■ Exercise prompt
Below are the entries to work from; restate word for word the portion that opens with the line containing "뉴시스 보도에 따르면, 13일" and closes with the line containing "- Double Coil", keeping both.
START Extracted material
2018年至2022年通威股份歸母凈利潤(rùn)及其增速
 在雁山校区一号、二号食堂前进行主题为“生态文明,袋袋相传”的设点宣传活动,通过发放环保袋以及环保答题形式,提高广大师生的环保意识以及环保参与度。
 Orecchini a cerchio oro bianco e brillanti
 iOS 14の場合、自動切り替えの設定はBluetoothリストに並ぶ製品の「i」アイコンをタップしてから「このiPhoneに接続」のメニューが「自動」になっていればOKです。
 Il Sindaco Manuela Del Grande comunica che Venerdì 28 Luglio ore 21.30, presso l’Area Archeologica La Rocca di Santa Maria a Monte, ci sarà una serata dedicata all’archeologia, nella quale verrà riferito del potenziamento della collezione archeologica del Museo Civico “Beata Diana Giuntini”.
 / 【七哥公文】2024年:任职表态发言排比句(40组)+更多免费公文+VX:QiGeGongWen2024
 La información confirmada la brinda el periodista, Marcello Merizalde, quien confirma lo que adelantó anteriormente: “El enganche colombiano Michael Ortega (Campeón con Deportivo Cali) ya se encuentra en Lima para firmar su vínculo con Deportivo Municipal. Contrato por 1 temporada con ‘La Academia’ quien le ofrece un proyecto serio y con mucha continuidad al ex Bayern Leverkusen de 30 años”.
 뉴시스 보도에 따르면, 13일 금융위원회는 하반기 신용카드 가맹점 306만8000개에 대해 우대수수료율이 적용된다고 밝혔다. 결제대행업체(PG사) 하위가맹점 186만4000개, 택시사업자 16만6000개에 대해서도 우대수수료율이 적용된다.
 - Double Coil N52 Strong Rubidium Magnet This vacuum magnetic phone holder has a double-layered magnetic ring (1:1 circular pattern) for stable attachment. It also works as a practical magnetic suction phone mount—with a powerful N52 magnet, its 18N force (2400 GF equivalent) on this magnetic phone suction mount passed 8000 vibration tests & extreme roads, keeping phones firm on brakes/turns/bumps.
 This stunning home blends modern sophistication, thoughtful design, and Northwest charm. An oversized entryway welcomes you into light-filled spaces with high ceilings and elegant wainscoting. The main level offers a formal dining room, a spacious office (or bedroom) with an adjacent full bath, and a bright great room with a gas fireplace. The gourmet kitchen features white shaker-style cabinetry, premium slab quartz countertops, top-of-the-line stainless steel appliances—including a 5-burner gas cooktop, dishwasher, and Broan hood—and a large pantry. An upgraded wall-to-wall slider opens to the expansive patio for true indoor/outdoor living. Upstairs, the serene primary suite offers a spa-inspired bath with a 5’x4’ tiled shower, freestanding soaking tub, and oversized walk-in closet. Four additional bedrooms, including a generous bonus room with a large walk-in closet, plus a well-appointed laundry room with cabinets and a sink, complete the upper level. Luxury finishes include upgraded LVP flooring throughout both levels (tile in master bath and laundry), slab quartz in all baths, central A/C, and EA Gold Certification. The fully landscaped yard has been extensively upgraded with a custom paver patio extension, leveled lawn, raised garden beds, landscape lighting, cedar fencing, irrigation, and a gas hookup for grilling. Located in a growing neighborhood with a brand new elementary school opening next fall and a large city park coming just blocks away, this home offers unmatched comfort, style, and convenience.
END Extracted material
■ Response box
 뉴시스 보도에 따르면, 13일 금융위원회는 하반기 신용카드 가맹점 306만8000개에 대해 우대수수료율이 적용된다고 밝혔다. 결제대행업체(PG사) 하위가맹점 186만4000개, 택시사업자 16만6000개에 대해서도 우대수수료율이 적용된다.
 - Double Coil N52 Strong Rubidium Magnet This vacuum magnetic phone holder has a double-layered magnetic ring (1:1 circular pattern) for stable attachment. It also works as a practical magnetic suction phone mount—with a powerful N52 magnet, its 18N force (2400 GF equivalent) on this magnetic phone suction mount passed 8000 vibration tests & extreme roads, keeping phones firm on brakes/turns/bumps.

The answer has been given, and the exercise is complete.